The State Department that Trump has systematically hollowed out — through firings, budget cuts, and the exclusion of career professionals from policy processes — exists precisely to navigate the gap between personal relationships and structural interests. It knows things no president can learn from briefings alone: the domestic pressures shaping foreign leaders’ decisions, the historical grievances that create immovable red lines, the off-ramps that are available if you know where to look. When you bypass that expertise, you do not get more efficient diplomacy. You get a summit full of compliments and empty of results.

I want to be clear about what I am arguing and what I am not. I am not arguing that American foreign policy was perfect before Trump or that every diplomatic norm deserves preservation. But there is a difference between challenging norms from a position of strategic clarity — knowing what you are trying to achieve and what you are willing to give up to get there — and abandoning them impulsively, transactionally, and without apparent awareness of what the abandonment signals to the countries watching.

The world that American diplomacy built over eighty years is not going to disappear overnight. The institutions are still there, damaged but standing. The relationships are still recoverable, if someone is willing to do the work. The expertise is still there, waiting to be used.
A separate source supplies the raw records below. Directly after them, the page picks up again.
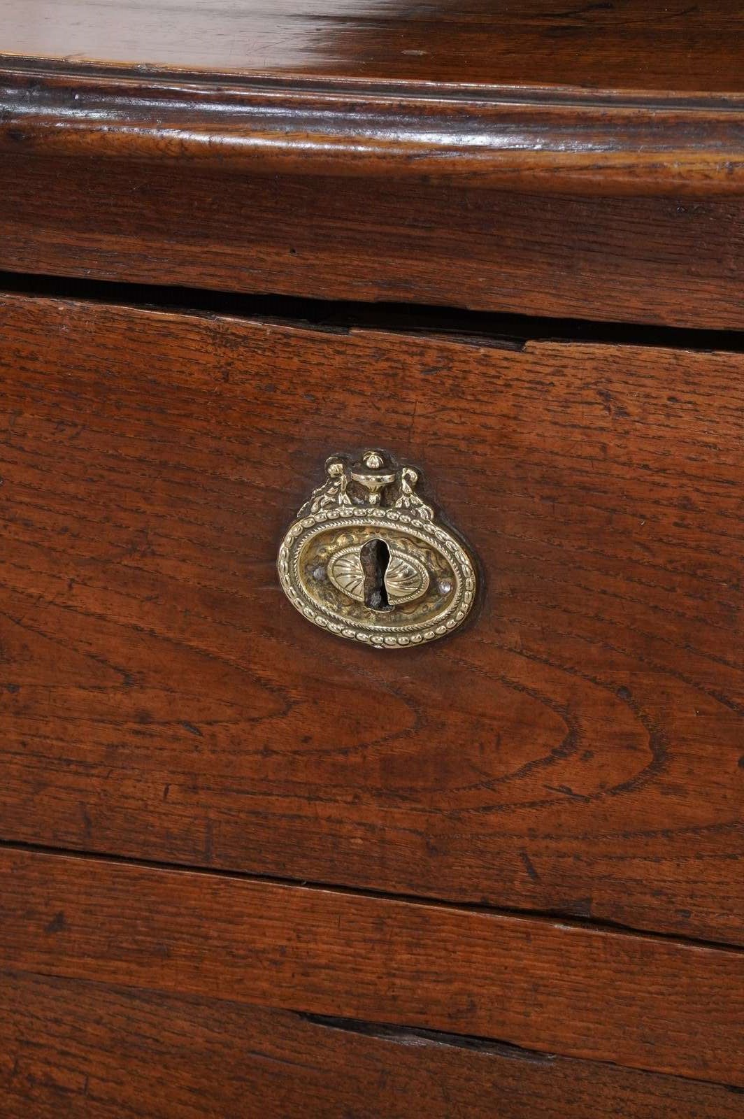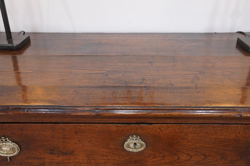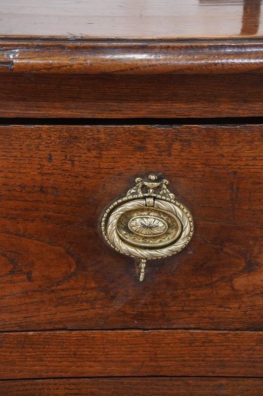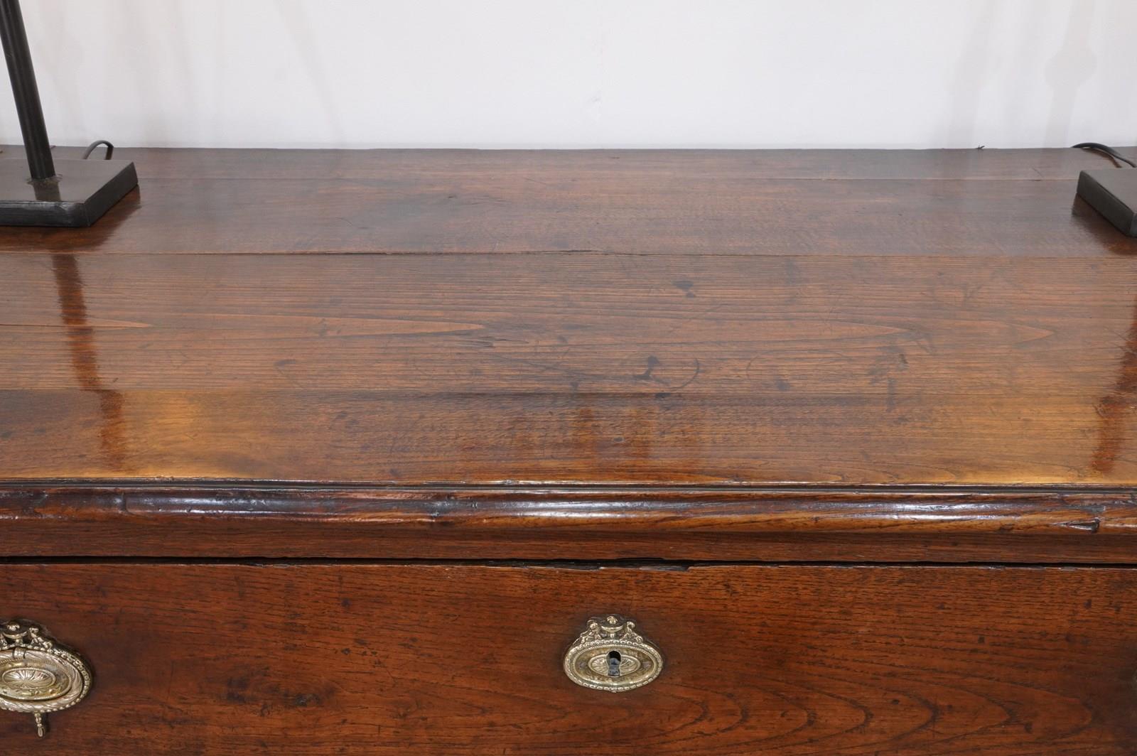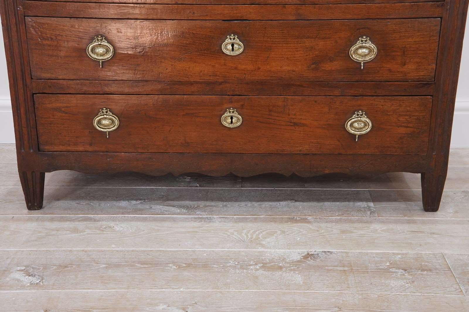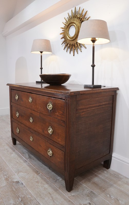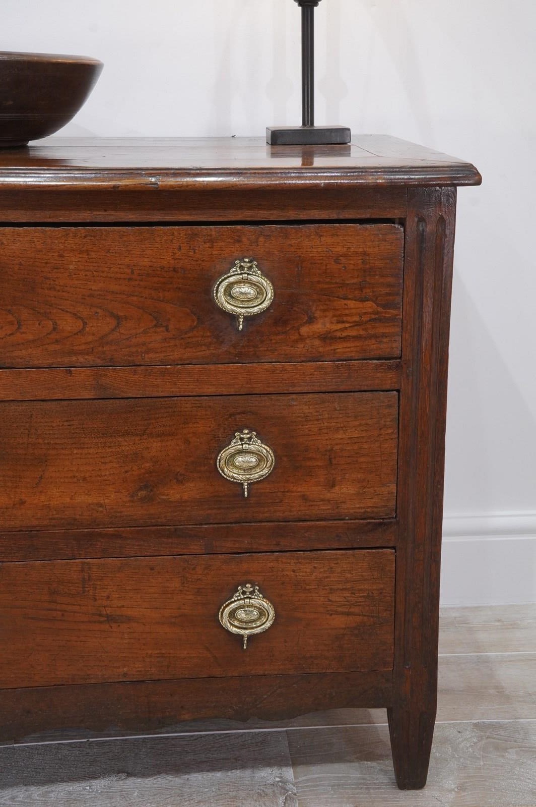An early 19th century French commode chest of three drawers. This substantial chest offers three long well fitting drawers beneath a solid chestnut top. The drawers boast the prettiest original handles with matching escutcheons all housed within a solid chestnut carcass raised on low feet united by a decorative shaped frieze beneath. Constructed nearly two centuries ago developing the most glorious colour and deep patina in this time. French chestnut commode circa 1820.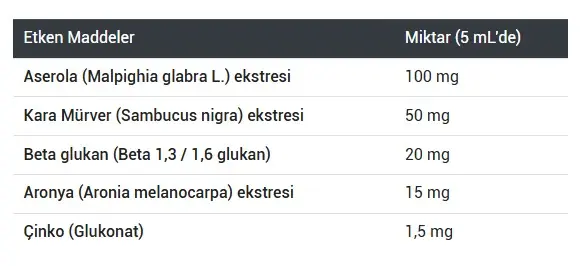 Beta Glukan ve Kara Mürver Ekstresi Likit Takviye Edici Gıda,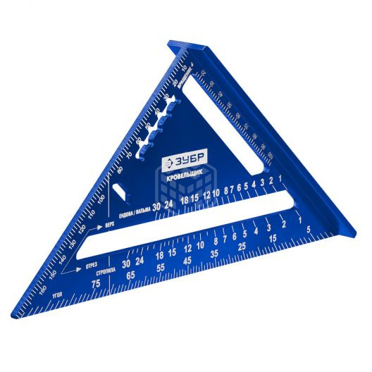 Характеристики товара Угольник ЗУБРуниверсальный кровельный Кровельщик, 180 мм, 5-в-1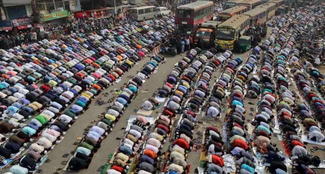 在伊教“全球盛會(huì)”期間,人們?cè)诿霞永瓏?guó)的達(dá)卡街道上祈禱?!叭蚴?huì)”(Bishwa Ijtema) 是每年在達(dá)卡舉行的主要宗教聚會(huì)之一,聚集了數(shù)百萬信徒參加。專用的祈禱場(chǎng)地已經(jīng)不足以容納這么多人,所以很多人來到達(dá)卡的主要街道祈禱。在此期間,所有地面交通和行人都將暫停等待儀式結(jié)束。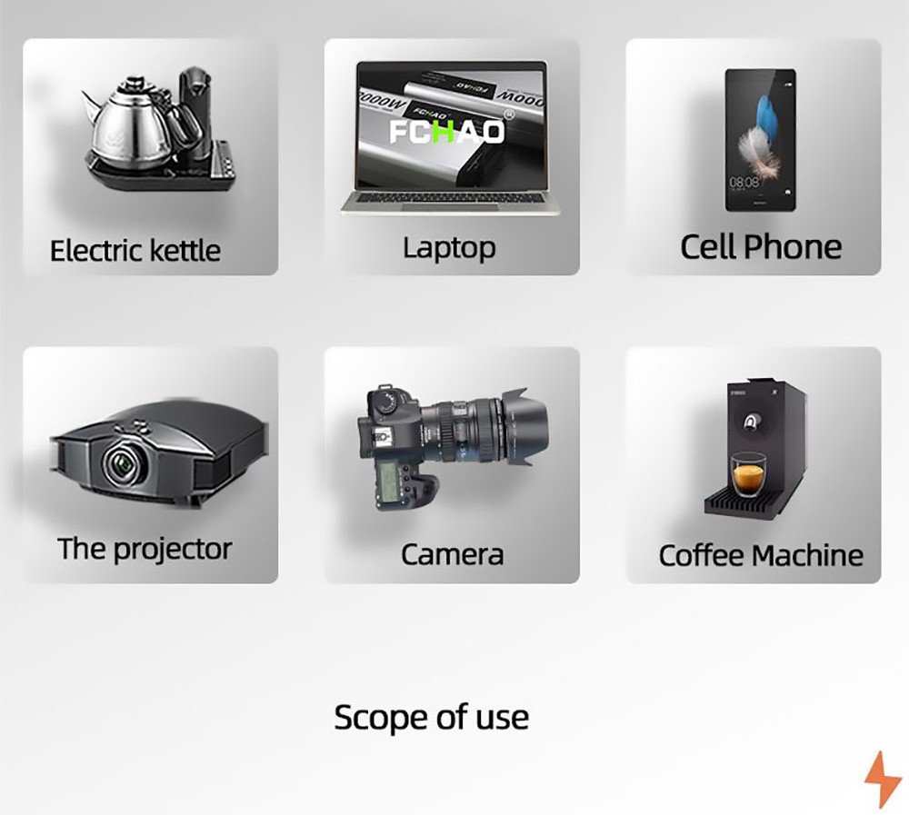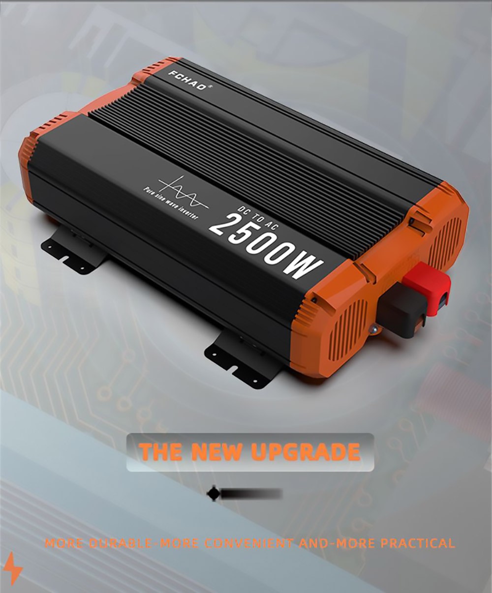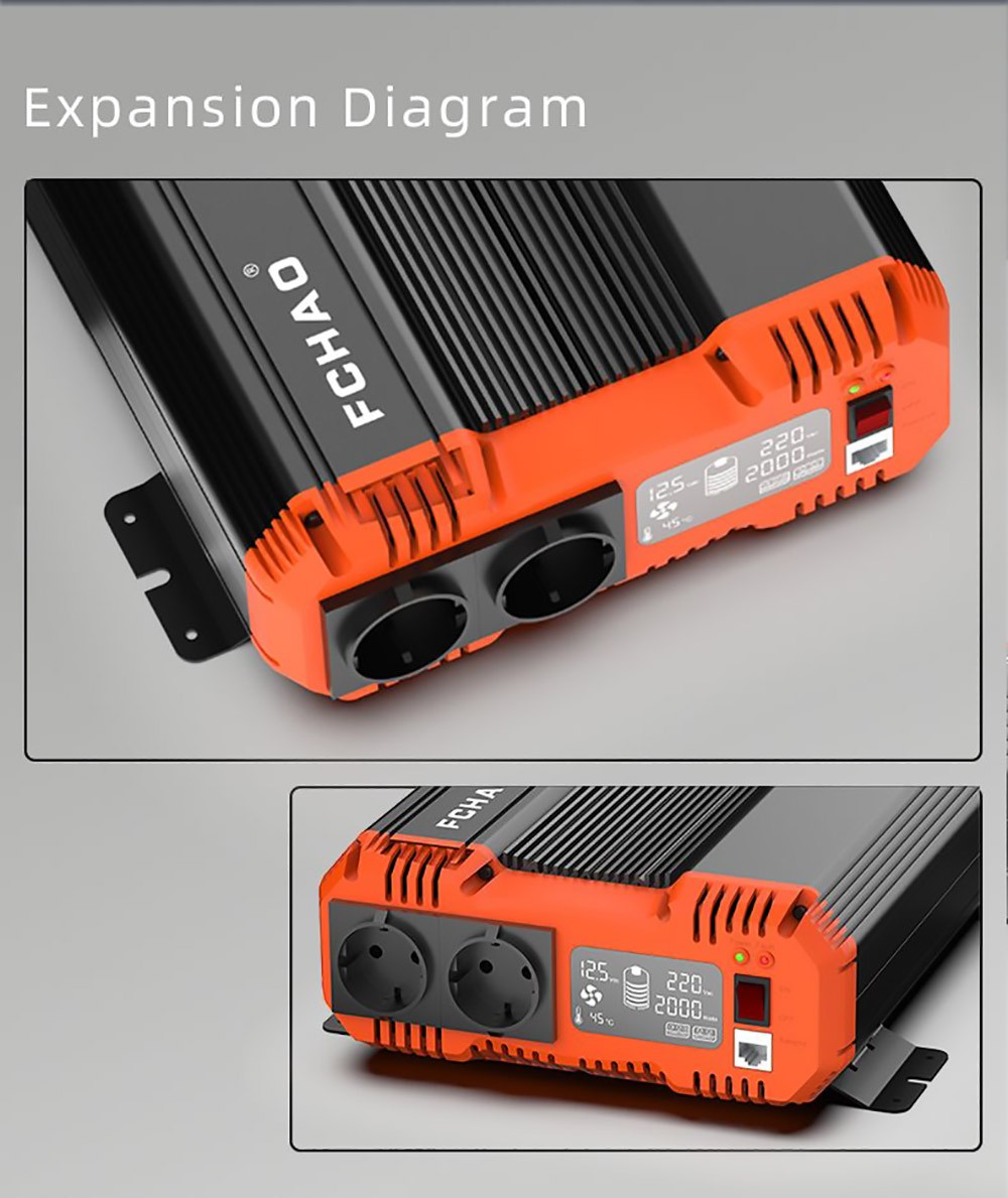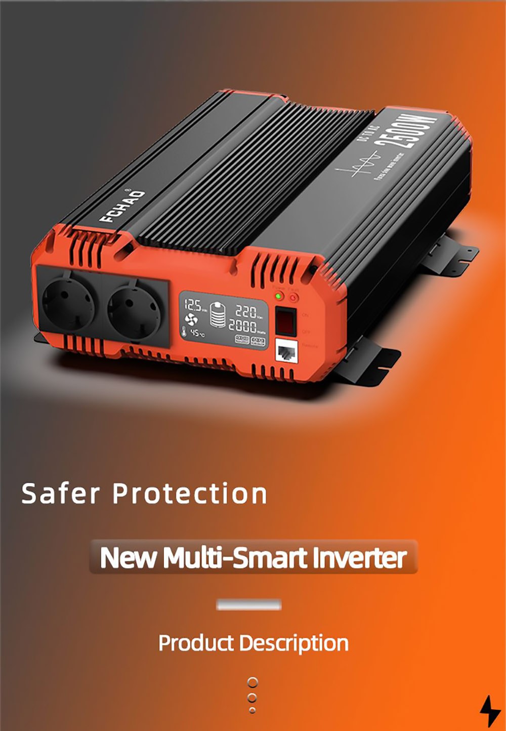 FCHAO 2500W inverter with continuous output power, surge power is 5000W during start-up. 12V DC to 230V±10% AC pure sine wave with a conversion efficiency of more than 90% and low conversion loss.

But every year that the United States spends signaling that its commitments have expiration dates and its alliances are transactions, the harder that recovery becomes.

The question I keep coming back to is not whether Trump’s approach is working — it clearly is not. It is whether the Republican Party that shaped my understanding of American leadership in the world is willing to say so. The party of Reagan believed that American engagement was not charity or naivety — it was the most effective strategy ever devised for protecting American interests and American security. That belief built the world we inherited. Abandoning it is not strength. It is a bet that the next generation will not need what we are spending down.

America can be better than this. We have been better than this, within living memory, under presidents of both parties. The question is whether enough people who know that are willing to say so loudly enough and consistently enough to matter.